MALAISE is the #7 most commonly reported adverse reaction for INSULIN LISPRO, manufactured by Eli Lilly and Company. There are 3,947 FDA adverse event reports linking INSULIN LISPRO to MALAISE. This represents approximately 1.6% of all 239,540 adverse event reports for this drug.
Patients taking INSULIN LISPRO who experience malaise should discuss this symptom with their healthcare provider to determine whether it may be related to their medication and what alternatives may be available.
Reporting Frequency
MALAISE3,947 of 239,540 reports
MALAISE is a less commonly reported adverse event for INSULIN LISPRO, but still significant enough to appear in the safety profile.
Other Side Effects of INSULIN LISPRO
In addition to malaise, the following adverse reactions have been reported for INSULIN LISPRO:
MALAISE has been reported as an adverse event in 3,947 FDA reports for INSULIN LISPRO. This does not prove causation, but indicates an association observed in post-market surveillance data.

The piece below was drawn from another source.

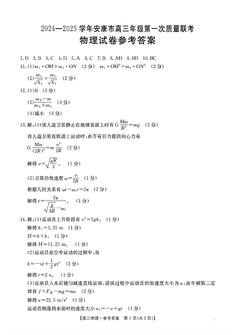 陕西省安康市2024-2025学年高三上学期第一次质量联考 物理答案

How common is MALAISE with INSULIN LISPRO?
MALAISE accounts for approximately 1.6% of all adverse event reports for INSULIN LISPRO, making it a notable side effect.
What should I do if I experience MALAISE while taking INSULIN LISPRO?
If you experience malaise while taking INSULIN LISPRO, contact your healthcare provider. They can evaluate whether the symptom is related to your medication and discuss potential adjustments to your treatment plan. Do not stop taking prescribed medication without consulting your doctor.
Disclaimer: This analysis is based on FDA adverse event reports and is for informational purposes only. Reports do not prove causation. Always consult your healthcare provider.